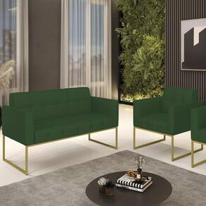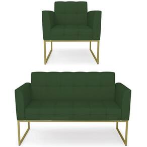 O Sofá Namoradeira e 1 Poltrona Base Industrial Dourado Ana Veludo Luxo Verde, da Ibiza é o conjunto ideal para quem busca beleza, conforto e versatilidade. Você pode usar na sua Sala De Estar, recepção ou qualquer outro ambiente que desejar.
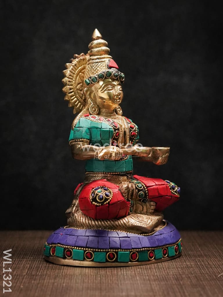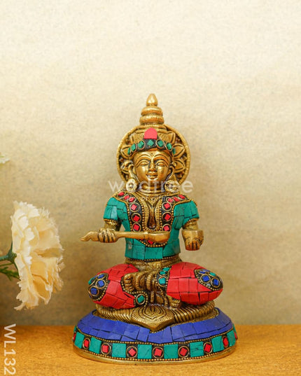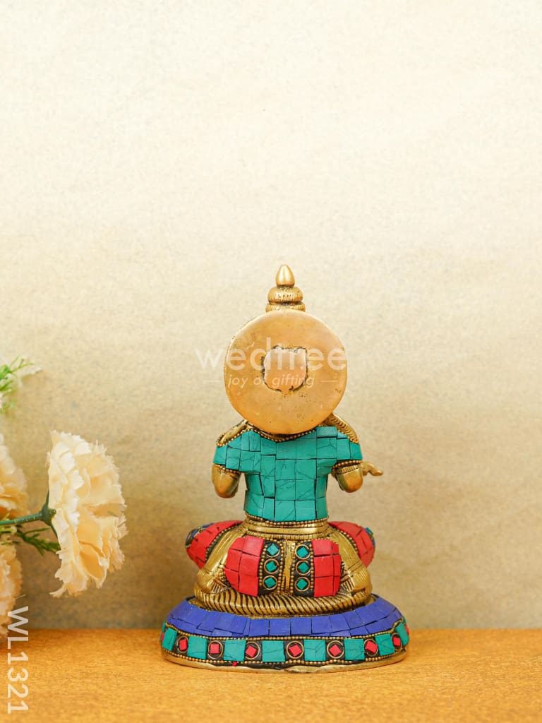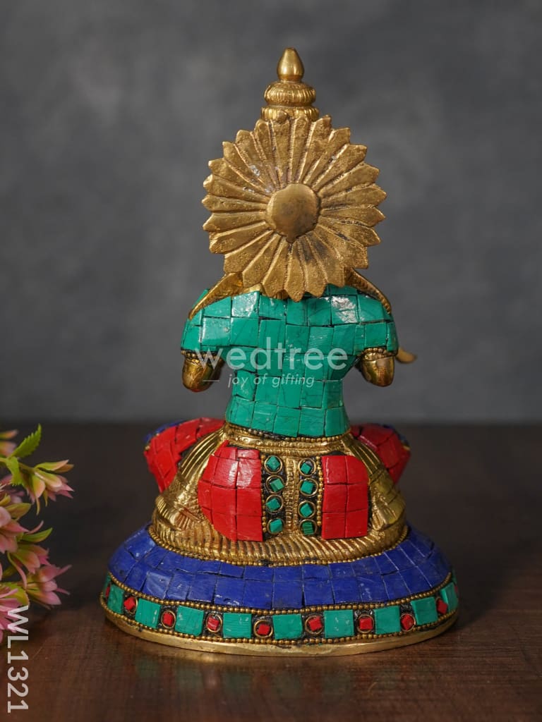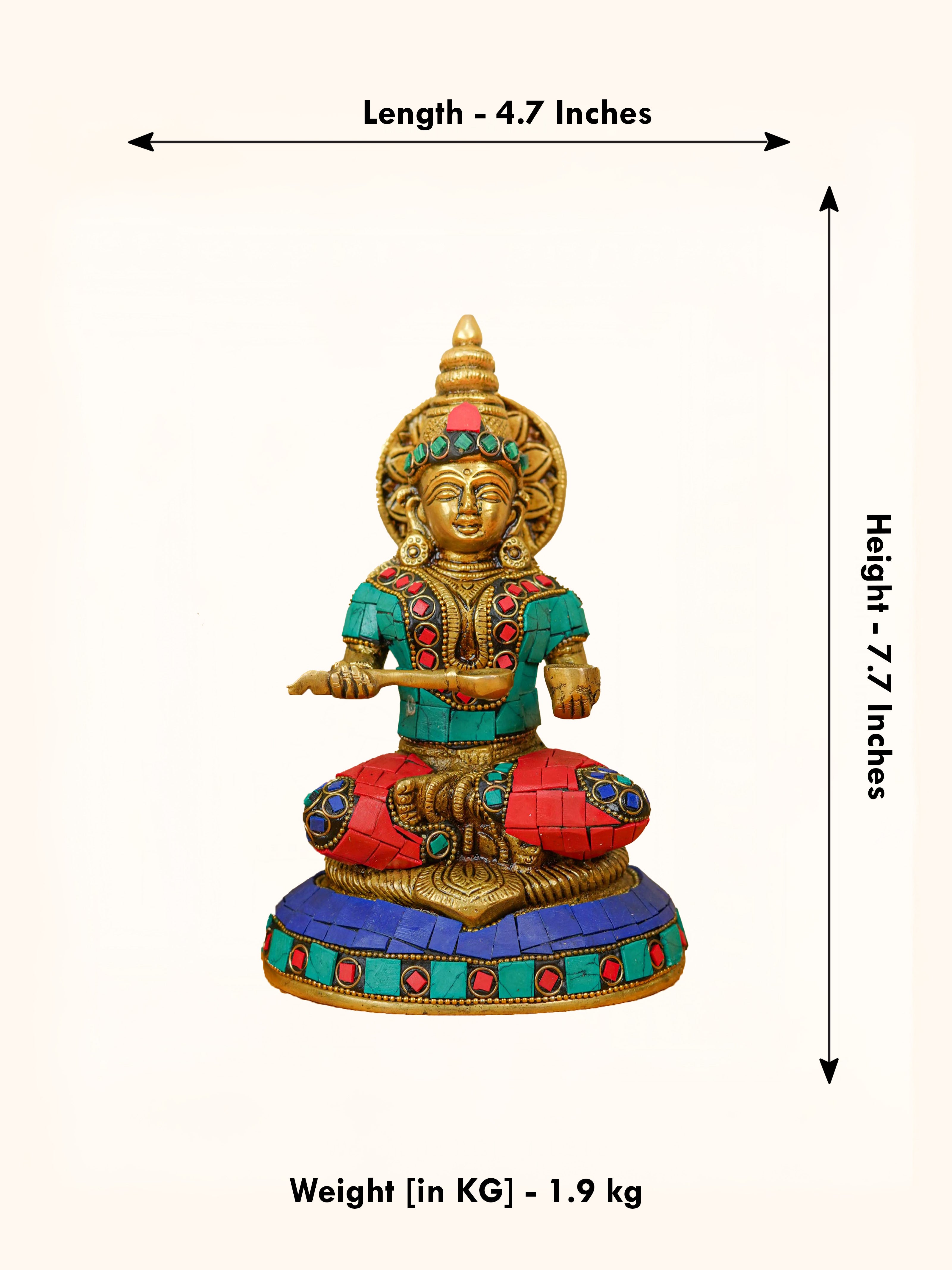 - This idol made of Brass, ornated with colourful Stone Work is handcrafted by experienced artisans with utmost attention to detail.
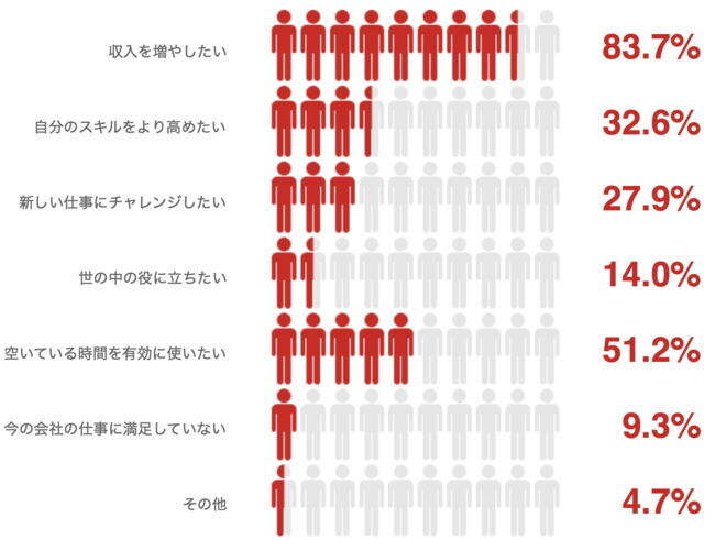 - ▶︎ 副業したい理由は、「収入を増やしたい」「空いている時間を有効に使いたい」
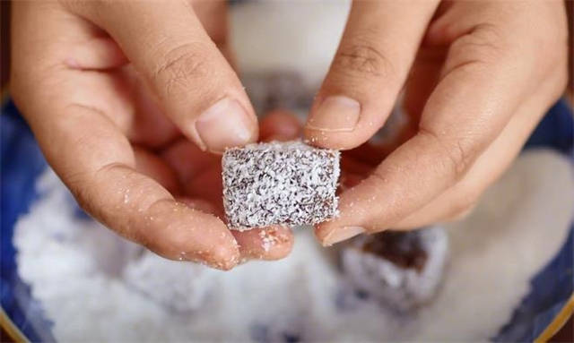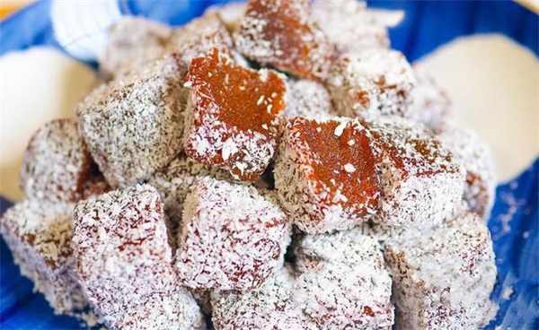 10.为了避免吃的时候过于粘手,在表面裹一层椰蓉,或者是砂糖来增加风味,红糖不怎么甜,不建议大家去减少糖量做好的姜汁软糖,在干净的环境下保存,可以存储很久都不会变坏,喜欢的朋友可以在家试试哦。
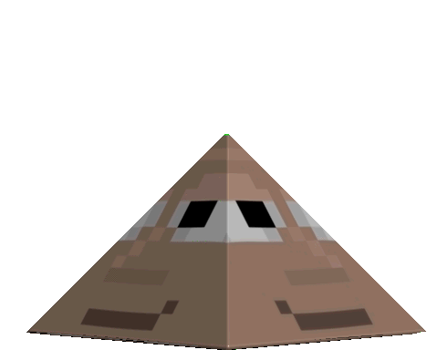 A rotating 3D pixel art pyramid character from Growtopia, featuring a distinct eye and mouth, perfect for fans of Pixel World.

■ **Problem description**
Skip the pictures and print each record exactly as it stands.

■ **Answer area**
 O Sofá Namoradeira e 1 Poltrona Base Industrial Dourado Ana Veludo Luxo Verde, da Ibiza é o conjunto ideal para quem busca beleza, conforto e versatilidade. Você pode usar na sua Sala De Estar, recepção ou qualquer outro ambiente que desejar.
 - This idol made of Brass, ornated with colourful Stone Work is handcrafted by experienced artisans with utmost attention to detail.
 - ▶︎ 副業したい理由は、「収入を増やしたい」「空いている時間を有効に使いたい」
 10.为了避免吃的时候过于粘手,在表面裹一层椰蓉,或者是砂糖来增加风味,红糖不怎么甜,不建议大家去减少糖量做好的姜汁软糖,在干净的环境下保存,可以存储很久都不会变坏,喜欢的朋友可以在家试试哦。
 A rotating 3D pixel art pyramid character from Growtopia, featuring a distinct eye and mouth, perfect for fans of Pixel World.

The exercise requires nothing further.